Die Idee, Demokratie durch Losentscheidungssysteme zu organisieren, hat in den letzten Jahren in der Politikwissenschaft zunehmend Aufmerksamkeit gefunden. Der Fokus dieser Gedanken liegt auf einer besseren Wiedergabe der sozialen Struktur der Bevölkerung innerhalb politischer Versammlungen, wie dies derzeit nicht der Fall ist, z.B. im Deutschen Bundestag. Die meisten Wissenschaftler glauben jedoch, dass Losentscheidungssysteme die Wahlen als Hauptmittel zur Koordinierung politischer Handlungen nicht ersetzen sollten - das wäre auch nicht verfassungsgemäß möglich. Wenn es jedoch spezifische Entscheidungen an lokaler Ebene geben sollte, gilt der Ziehen einer Bürgerversammlung als eine gute Option.
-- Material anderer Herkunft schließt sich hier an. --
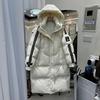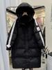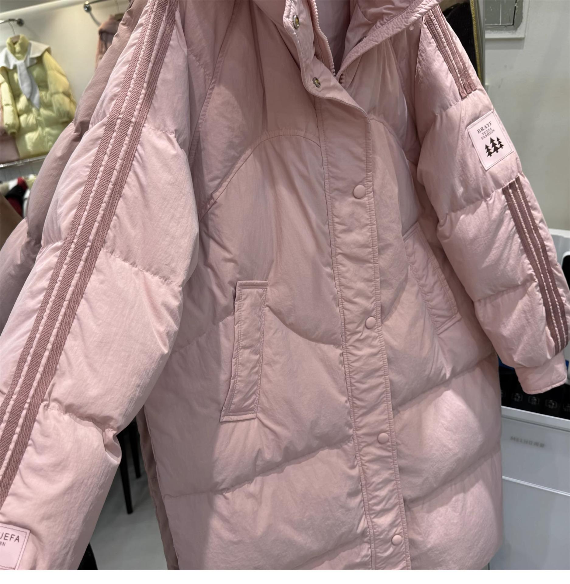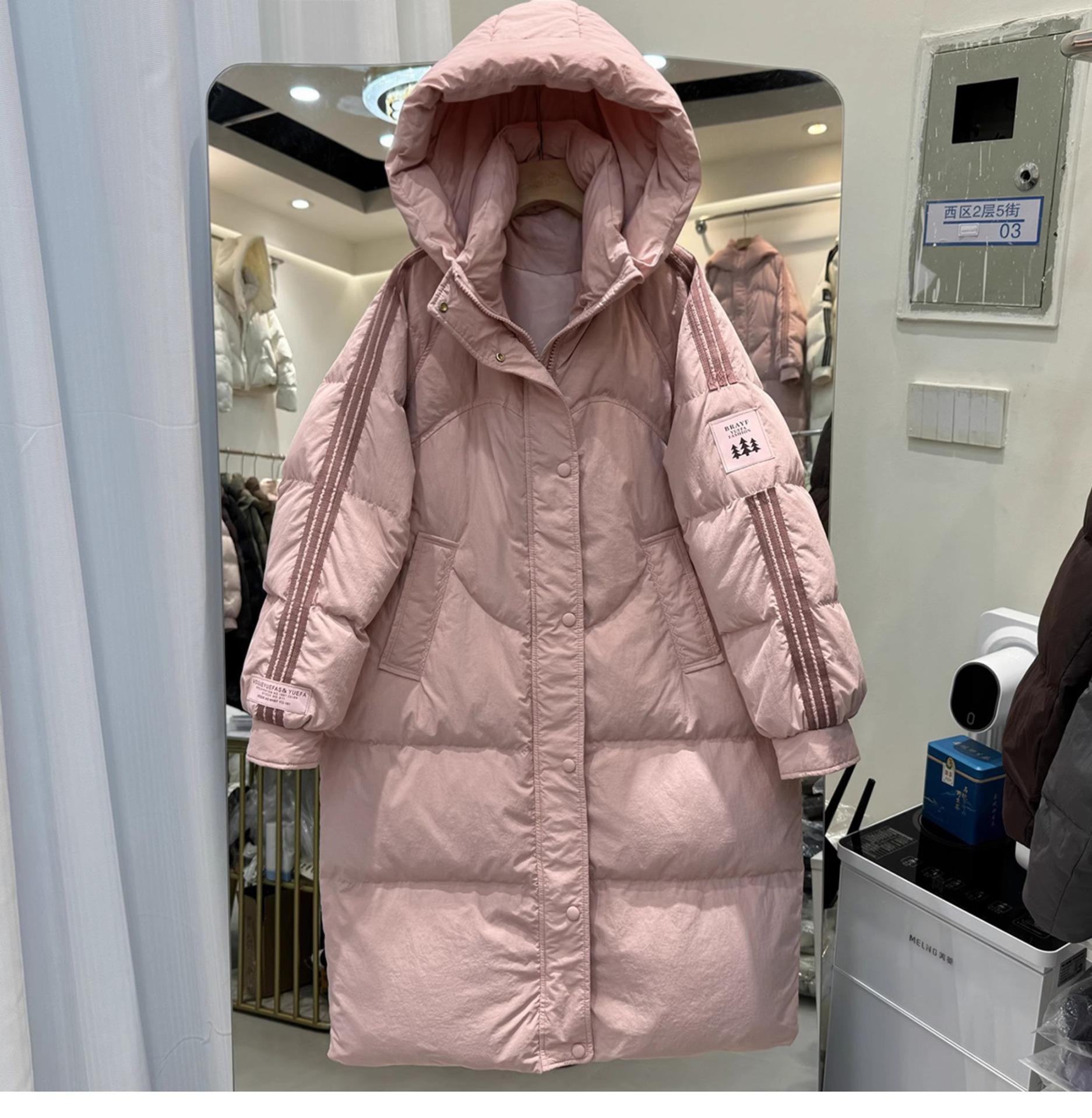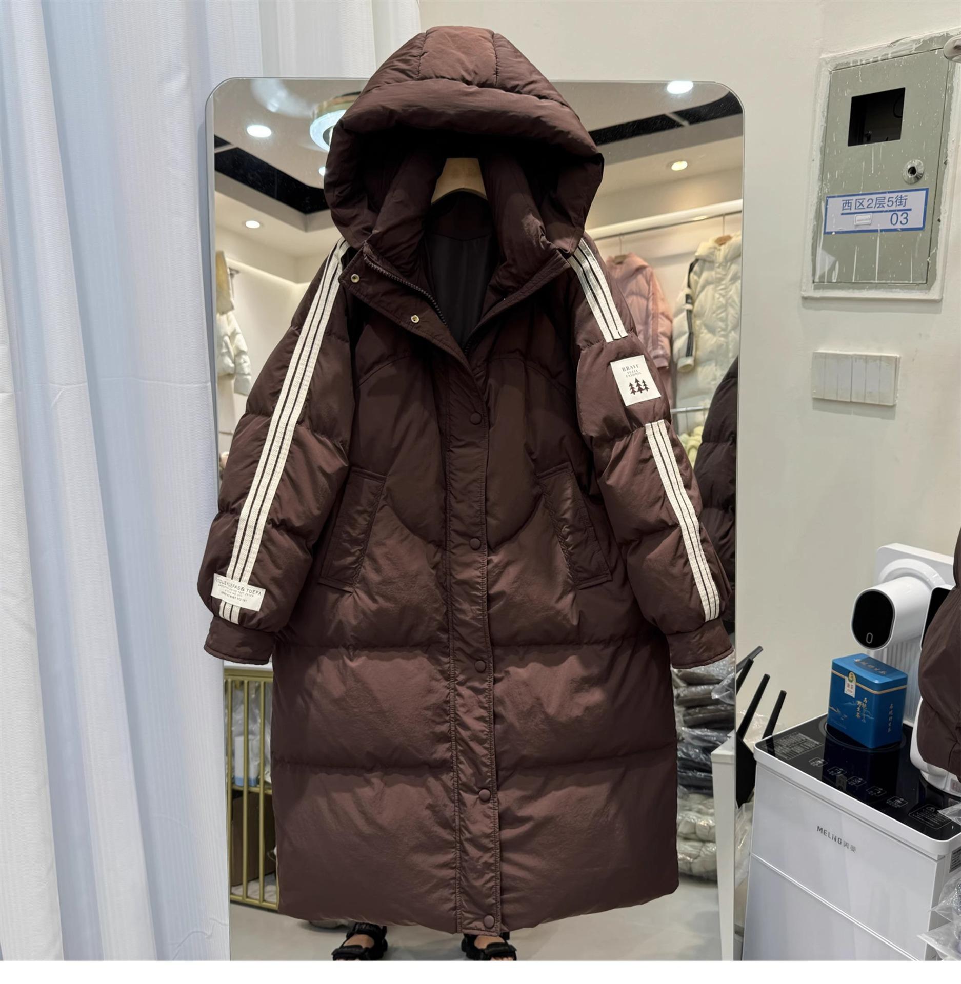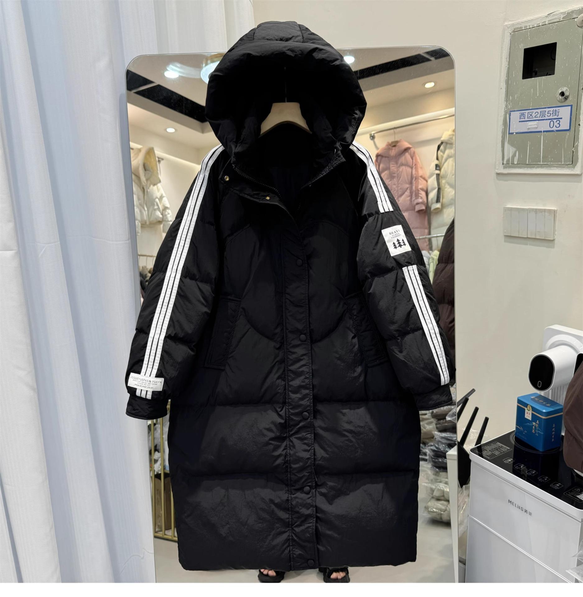 Invierno 2025 Nuevo Chaqueta Larga Acolchada con Capucha para Mujer Sobre la Rodilla Deportiva a Rayas Tres Árboles Gruesa Suelta Abrigo de Plumón de Pato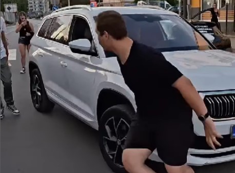 Student koji je pokušao da zaustavi autombil na blokiranoj raskrsnici nije povređen, a na snimku se vidi kako ga nakratko automobil „nosi“ na haubi.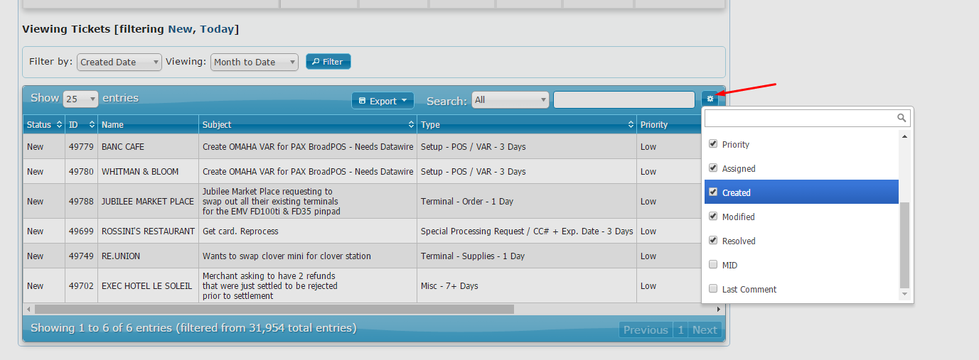 You can further customize your Helpdesk experience on a per user basis by adjusting the visible columns. To toggle the visibility of specific columns, simply click on the cog at the top right of the table and select the columns that you would like to enable:

Demokratische Teilhabe kann auch in Form von Referenden auftreten, wie oft in der Schweiz und war z.B. bei der Brexit-Entscheidung der Fall. Demonstrationen spielen in jeder Demokratie eine zentrale Rolle in der politischen Ausdrucksform. Dieses Jahr haben Millionen deutscher Bürger gegen die Rechte demonstriert, was möglicherweise dazu beigetragen hat, die AfD in den Umfragen zurückzudrängen. Klimaaktivisten haben es gelungen, viel Aufmerksamkeit zu erregen, z.B. indem sie sich an Straßen klebten. Adam sieht diese Aktivisten als Teil einer Tradition. "Was die Klimaaktivisten heute in Bezug auf Protest zeigen, ist in historischer Hinsicht nicht überdimensional." Die Suffragetten haben z.B. keine Tomatensaucen auf Gemälde, die durch Plexiglas geschützt sind, gespritzt, sondern sie haben sie zerschnitten.

Die Ausstellung in Bonn ist daher nicht nur eine traditionelle Kunstausstellung, sondern ein lockernder Einladung, die Demokratie neu zu überdenken. Viele Ansätze und Theorien werden erörtert. Lediglich das "Kiosk der Einfachen Antworten", ein Werk der Rostocker Künstlergruppe Schaum, blieb das ganze Mal geschlossen.